下午兩點,陶月月一個人坐在會議室吃盒飯,嬰寧跑來,說:“咦,他倆呢?”
“你的方野哥哥找那輛麵包車去了,瑞士軍刀去醫院接目擊證人。”陶月月夾起一顆牛肉丸,“要不要來一口呀?”
嬰寧早就餓得肚子咕咕叫,張嘴過來接,陶月月卻放進了自己嘴裏,嬰寧氣得拿小拳頭捶她,“你壞!”

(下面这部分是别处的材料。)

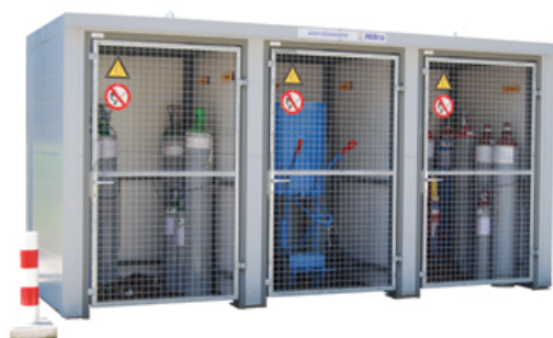
Afgebeeld met 2x F60 scheidingswand (= optioneel)
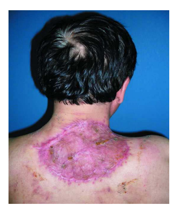
Figure 6. Photograph of the patient in 10-month follow-up.
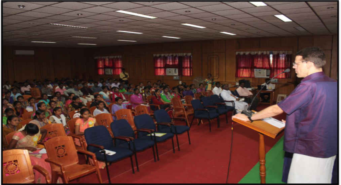
(Inspiring Speech by the Chief Guest)
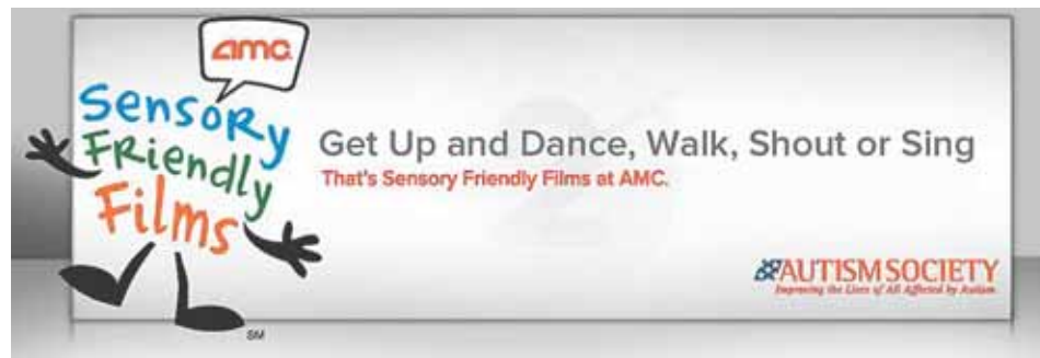
AMC Sensory Friendly Films Promo

July is the hottest month for Hollywood's cavalcade of blockbuster films, as studios compete for audience dollars and crash into each other to be the first to release their tent pole films, such as Avengers, Jurassic World, Mission: Impossible – Rogue Nation, and Fantastic Four.
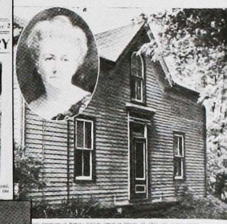
Photograph of a woman's home, showing the exterior of the house.
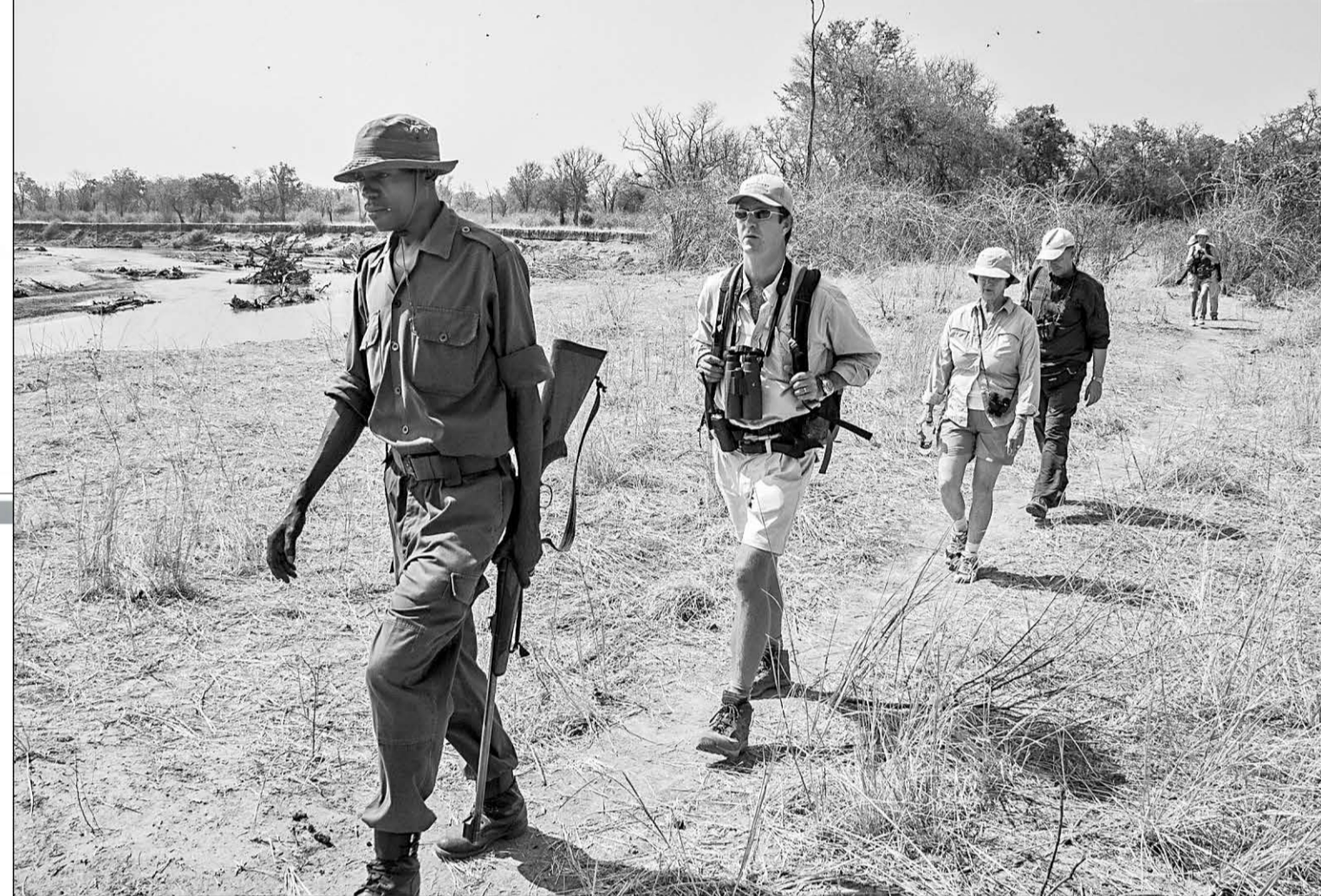
Along the Chibembe River, it's single file for safety, led by a guard, loaded rifle at the ready.
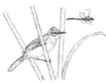
Calmorous Reed-Warbler Andrew Silcocks © Birds Australia 2003

Back to our digs or to a Cafe for breakfast then off along Orient Road. Beth and I took nearly an hour to traverse the 20kms as we were stopped more often than moving. We did miss the Australian Pratincoles that the forward party (who obviously ate less than I did and packed up more speedily) had seen, but after learning of their presence, had an excellent sighting of one on the return along the wet, sandy/muddy, cow-pat strewn road. Yes, I had to really work hard this morning to clean all the plastered-on mud from under the mudguards. Had just had the underbody rustproofed last week, so hope it had dried and did its job properly under those stringent conditions. We easily found the large gathering of Brolgas decorating a lagoon towards
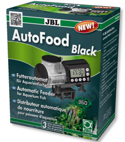
JBL AutoFood BLACK Black automatic feeder for aquarium fish
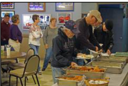
The buffet at the American Legion Post worked out great. For 10 bucks, we had chicken, potatoes, and veggies.
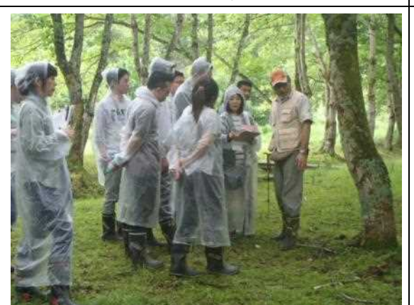
6/27 [Observation ] Kutsuki Forest (Takashima City)
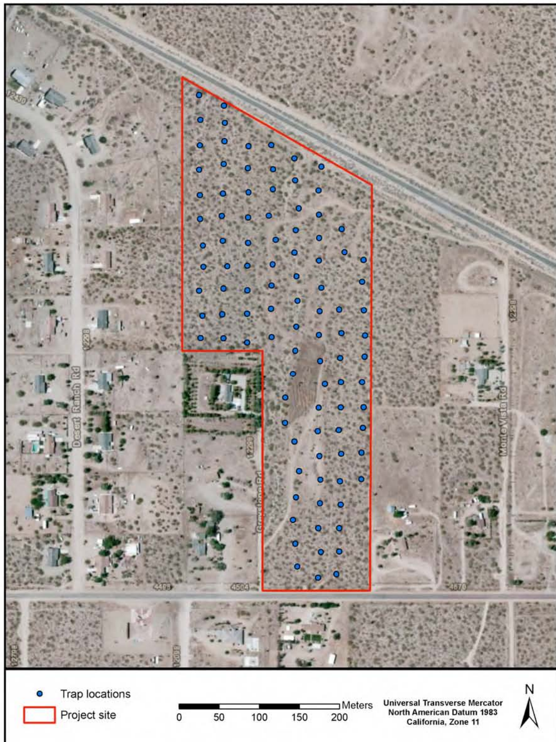
Figure 2. Mohave ground squirrel trapping grid at the proposed Snowline II Solar PV Duncan Road project site, Phelan, California.
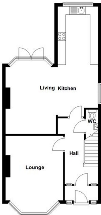
Ground Floor Approx. 58.3 sq metres (627.6 sq. feet)
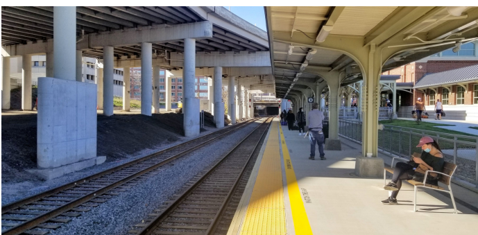
All - Bruce Becker

More Buffalo Exchange Street Station Photos At www.esparail.org
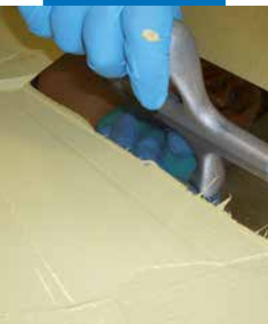
Application of the product with a straight trowel
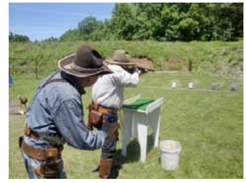
El Diablo Gringo on Stage 4
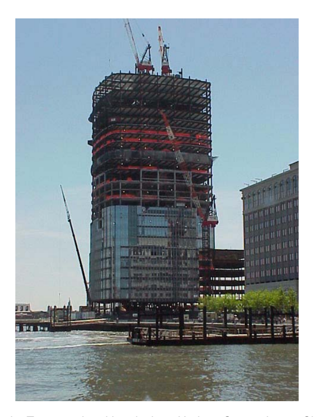
Goldman Sachs Tower and parking deck on Hudson Street, Jersey City

The biggest project in Jersey City was the Goldman Sachs office tower. The 1.5-million-square-foot building sits on the Hudson River waterfront, across from New York City's financial district. The picture below shows the tower which, when complete, will be the tallest in the State. The estimated construction cost reported on the initial permit was $242 million. This is the largest amount on a single permit in the more than six years that the Department of Community Affairs has published building permit data.
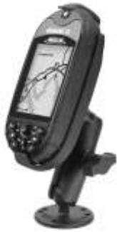
RAM-B-138-MA6 RAM MOUNT FOR THE MAGELLAN EXPLORIST XL
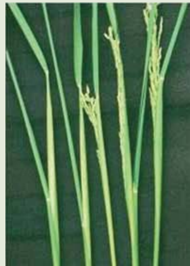
Fig. 5. Rice growth stage for first fungicide application to prevent neck blast

As previously mentioned, we plant half our acres in blast susceptible varieties. Why? Because many of the highest yielding varieties available are also susceptible to blast. While yield is the most important trait, high yield alone does not make a good variety. Under our conditions, developing and planting varieties with high yield and manageable disease resistance is essential,

“逗你啦,你的這份在這兒。”陶月月從袋子裏拿出一份新的盒飯,“鑒定結果怎麽樣?”
“血跡確實是受害人的,不過抹布上麵提取指紋,這太難了,局裏的法醫都做不了。”
“先就這樣吧!”
嬰寧扒了兩口飯,問:“壞人吃了嗎?”
“晾著呢,餓他一頓,人饑餓的時候思維能力會下降。”
“好壞啊你們。”
“正常操作啦!”陶月月看了下手表,“我出去一會,吃完接著幹活。”
記錄儀的采集卡快要滿了,陶月月來到審訊室,看見洪律師氣定神閑地坐在裏麵,正閉目養神。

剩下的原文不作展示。